Bob Muglia's latest words on Silverlight - HardyLeung
http://team.silverlight.net/announcement/pdc-and-silverlight/

======
keithwarren
This back-story on this is going to make an interesting case study on social
trends with respect to PR management. Two factors, the absence of significant
Silverlight content at the PDC conference and a misinterpretation of one tech
reporters (@MaryJoFoley) work led to Silverlight dying at the hands of HTML5.

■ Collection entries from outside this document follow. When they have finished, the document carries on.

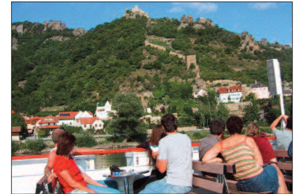
Ausflugsschiff durch die Wachau

Exkursion in die Wachau (bei genügend Interessenten): Für diejenigen, die sich etwas mehr Zeit genommen haben für Ihre Reise nach Österreich, bietet sich ein Ausflug in die nahe gelegene Wachau an (Entfernung mit dem Auto ca. eine Stunde, mit dem Zug eineinhalb Stunden bis Melk). Empfehlenswert ist dort eine Besichtigung des Stifts Melk, das über Jahrhunderte Europas Geistes- und Kulturgeschichte mitbestimmte. Täglich zweimal fährt ein Donauausflugsschiff von Melk nach Krems durch eine der schönsten Flusslandschaften Europas.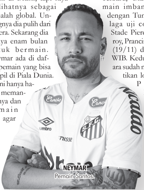
NEYMAR Pemain Santos.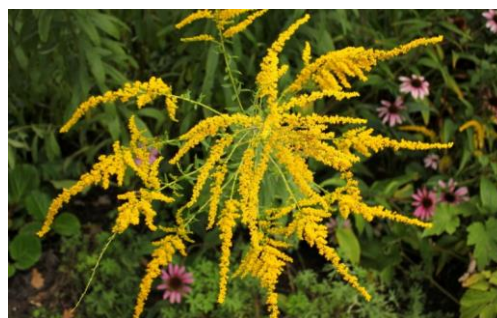
Ambrosie en fleur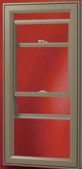
GUILLOTINE SIMPLE OU DOUBLE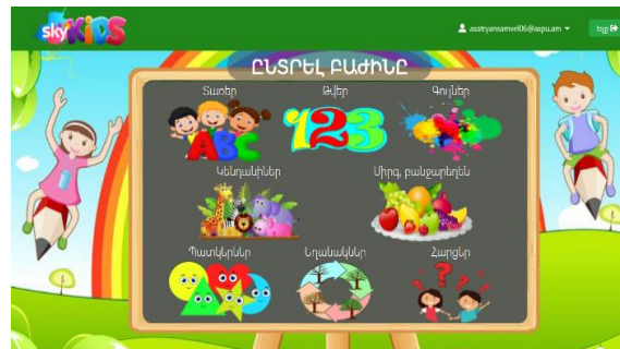
Նկ. 2. Ընտրել բաժինը

Համակարգի կիրառությունը շատ հեշտ է: Այն պահանջում է նվազագույն տեխնիկական հագեցվածություն՝ համացանցից միացված համակարգիչ կամ դյուրակիր պլանշետ, համացանցային դիտարկչով:

None of this squared with reality yet it had legs because Microsoft failed in
those first few hours (even minutes) to see the trend and make a full throated
rebuttal of what the story was becoming.

There is no brain-to-keyboard filter enforced on internet message boards,
blogs, twitter etc so the story grew to the point that Microsoft was now
ditching a multi-billion dollar developer division investment and killing a
technology it was banking heavily on in favor of HTML. Did not one stop so say
this doesn't make sense? My favorite was the chorus of people saying this
meant that Windows Phone 7 was dead too (ala kin) since Silverlight is the
core runtime for the phone. Really?

There is also a large contingent of people from the generally anti-Microsoft
who just want Microsoft to fail because it makes them feel good or something.
Posts like John Gruber stating simply "It’s over" are laughable. As if the
long technical nightmare that was Silverlight has finally faded into the night
and we can all breathe easier.

In the end this was not really a story about technology though, it was one
about public relations and how being asleep for just minutes in the internet
age can spell disaster. No amount of press releases can repair the damage that
has been done. Easily 100K influential tech personalities have read or heard
the Silverlight is dead story, they will tell countless others and for years
people will be staying away from Silverlight because Microsoft killed it.
Muglia said there are 600K Silverlight developers - I think they probably lost
150K of them over this and hundreds of thousands of others who would have
started Silverlight projects in the coming years who won’t now because
'Silverlight is dead'.

Great work Microsoft. Thanks.

------
mbailey
Microsoft Fla^W^W Silverlight.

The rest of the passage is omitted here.